DATA PROVIDED:
════════════════════
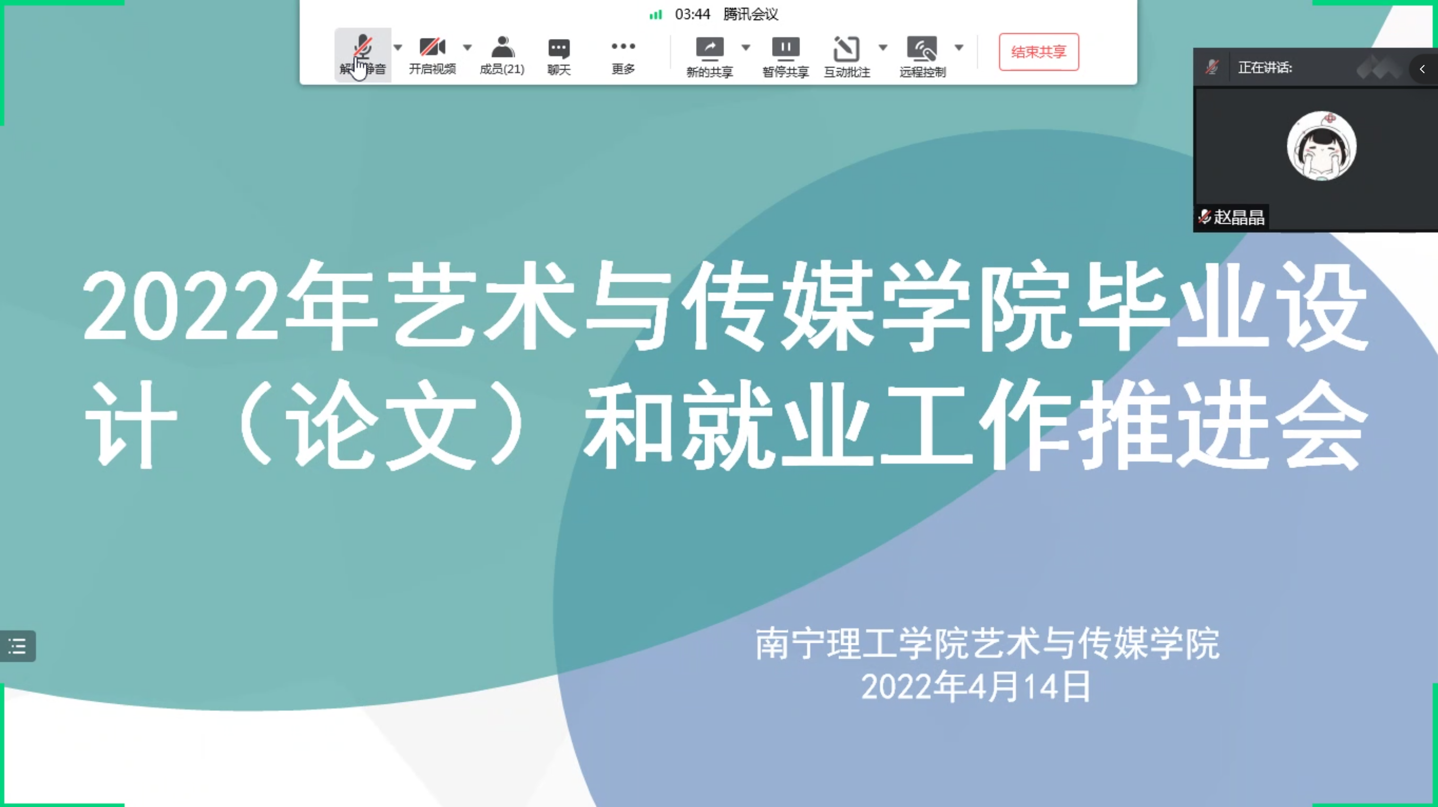 为深入学习贯彻党的十九届六中全会精神,落实党中央、国务院、教育部、自治区教育厅关于做好高校毕业生就业创业工作的重要决策部署,4月14日晚,艺术与传媒学院通过线上召开了2022届毕业设计(论文)和就……
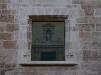 Keywords: Finestra del Palau de Benicarló, València.JPG ca Finestra del Palau de Benicarló actual seu de les Corts Valencianes Es reflecteix la portada de l'església de Sant Llorenç València own Joanbanjo 2010-05 Palau de Benicarló
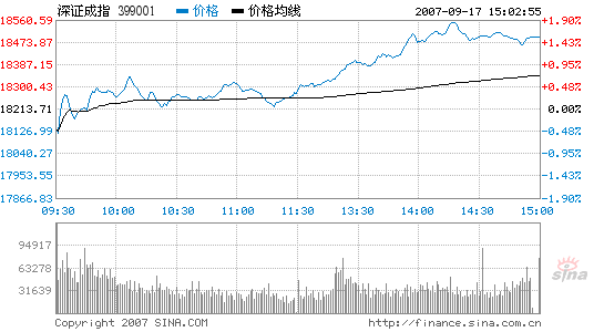 The Shenzhen Component Index, tracking the smaller Shenzhen Stock Exchange, finished at 18,494.38, also a record-high close and 280.67 points or 1.54 percent up than last Friday. Opening lower at 18,131.08, it went through the day within a range of between 18,092.15 and 18,553.89.
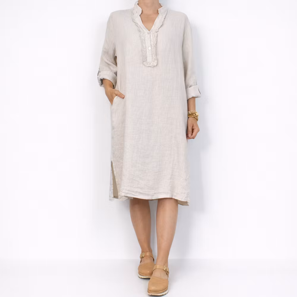 Kort Linneklänning med Krås BEIGE
════════════════════
Everything in the listing above, apart from its pictures, must be repeated exactly.

 为深入学习贯彻党的十九届六中全会精神,落实党中央、国务院、教育部、自治区教育厅关于做好高校毕业生就业创业工作的重要决策部署,4月14日晚,艺术与传媒学院通过线上召开了2022届毕业设计(论文)和就……
 Keywords: Finestra del Palau de Benicarló, València.JPG ca Finestra del Palau de Benicarló actual seu de les Corts Valencianes Es reflecteix la portada de l'església de Sant Llorenç València own Joanbanjo 2010-05 Palau de Benicarló
 The Shenzhen Component Index, tracking the smaller Shenzhen Stock Exchange, finished at 18,494.38, also a record-high close and 280.67 points or 1.54 percent up than last Friday. Opening lower at 18,131.08, it went through the day within a range of between 18,092.15 and 18,553.89.
 Kort Linneklänning med Krås BEIGE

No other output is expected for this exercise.